I intended on writing this at some point, but Dr. Wesley Gray (an acquaintance of mine, and whom I respect) beat me to the punch. As he said in his blog post at The Wall Street Journal’s The Experts blog:
WESLEY GRAY: Imagine the following theoretical investment opportunity: Investors can invest in a fund that will beat the market by 5% a year over the next 10 years. Of course, there is the catch: The path to outperformance will involve a five-year stretch of poor relative performance.“No problem,” you might think—buy and hold and ignore the short-term noise.
Easier said than done.
Consider Ken Heebner, who ran the CGM Focus Fund (CGMFX), a diversified mutual fund that gained 18% annually, and was Morningstar Inc.’s highest performer of the decade ending in 2009. The CGM Focus fund, in many respects, resembled the theoretical opportunity outlined above. But the story didn’t end there: The average investor in the fund lost 11% annually over the period.

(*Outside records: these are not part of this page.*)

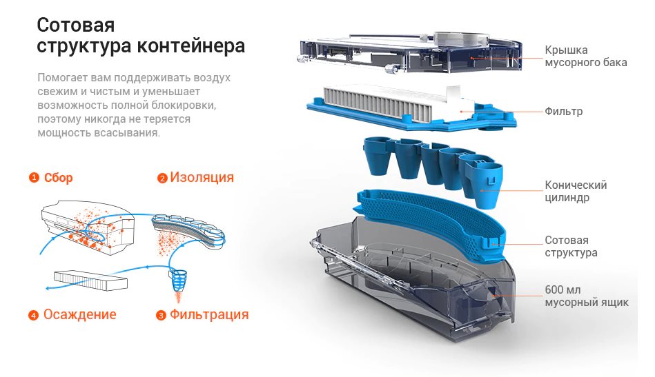 Пыль и частицы оседают в контейнере. Он легко открывается и его можно спокойно вытрясти, а в самом конце уборки промыть. Не нужно мочить только специальный фильтр сверху, но там есть предупреждающая надпись.
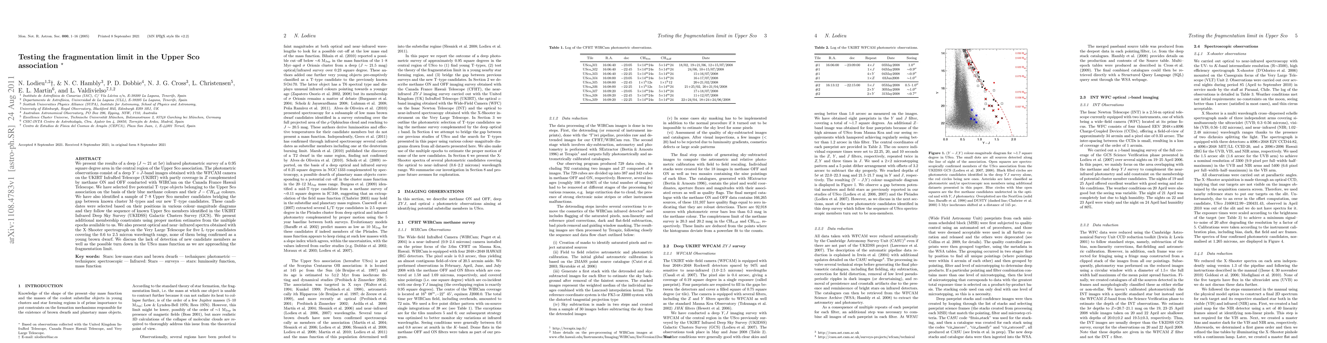 We present the results of a deep (J ~ 21 mag at 5 sigma) infrared photometric survey of a 0.95 square degree area in the central region of the Upper Sco association. The photometric observations consist of a deep (Y+J)-band images obtained with the WFCAM camera on the UKIRT InfraRed Telescope (UKIRT) with partly coverage in Z complemented by methane ON and OFF conducted with WIRCam on the Canada France Hawaii Telescope. We have selected five potential T-type objects belonging to the Upper Sco association on the basis of their blue methane colours and their J-CH4off colours. We have also identified a sample of 7-8 Upper Sco member candidates bridging the gap between known cluster M-types and our new T-type candidates. These candidates were selected based on their positions in various colour-magnitude diagrams and they follow the sequence of known Upper Sco members identified in the UKIRT Infrared Deep Sky Survey (UKIDSS) Galactic Clusters Survey (GCS). We present additional membership constraints using proper motion estimates from the multiple epochs available to us. We also present optical and near-infrared spectra obtained with the X--Shooter spectrograph on the Very Large Telescope for five L-type candidates covering the 0.6 to 2.5 micron wavelength range, none of them being confirmed as a young brown dwarf. We discuss the lack of detection of new candidate members as well as the possible turn down in the USco mass function as we are approaching the fragmentation limit.
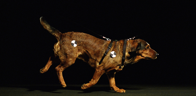 In RaumZeitHund wird ein vor fast 140 Jahren unternommener Versuchsaufbau von Edward Muybridge reinszeniert: der auf 24 Fotoplatten aufgezeichnete Galopp eines grauen Windhundes aus den 1870ern wird nun von einer braunen Bracke durchgeführt - in Farbe, mit einer 35mm Highspeed-Kamera aufgenommen und durch digitales Motion-Tracking stabilisiert. Während die ursprünglichen Aufnahmen eine vermeintliche Überlegenheit des "maschinellen Auges" demonstriert, befasst sich "RaumZeitHund" mit der Modellierbarkeit desselben und dem Absolutheitsanspruch, der von solchen Bewegungsbildern ausgeht. Was sich anfangs in den ruhigen Lauf des Hundes wie vereinzelte Fehler einmengt, wird mehr und mehr zum System des Filmes; scheinbare Störungen der Kontinuität der Bewegung verweisen immer stärker auf den Produktionscharakter der Illusionsmaschine Film. Ohne die Bewegung zu zerstören, folgt die Reihung der Bilder nicht länger der Chronologie der Aufnahmen, sondern mathematischen Funktionen.
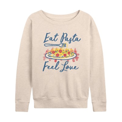 Women's - Instant Message - Eat Pasta Feel Love Lightweight French Terry Wide Neck Long Sleeve Graphic Shirt

What happened? The massive divergence in the fund’s performance and what the typical fund investor actually earned can be explained by the “behavioral return gap.”
The behavioral return gap works as follows: During periods of strong fund performance, investors pile in, but when fund performance is at its worst, short-sighted investors redeem in droves. Thus, despite a fund’s sound long-term process, the “dollar-weighted” returns, or returns actually achieved by investors in the fund, lag substantially.
In other words, fund managers can deliver a great long-term strategy, but investors can still lose.
That’s why I wanted to write this post. Ken Heebner is a really bright guy, and has the strength of his convictions, but his investors don’t in general have similar strength of convictions. As such, his investors buy high and sell low with his funds. The graph at the left is from the CGM Focus Fund, as far back as I could get the data at the SEC’s EDGAR database. The fund goes all the way back to late 1997, and had a tremendous start for which I can’t find the cash flow data.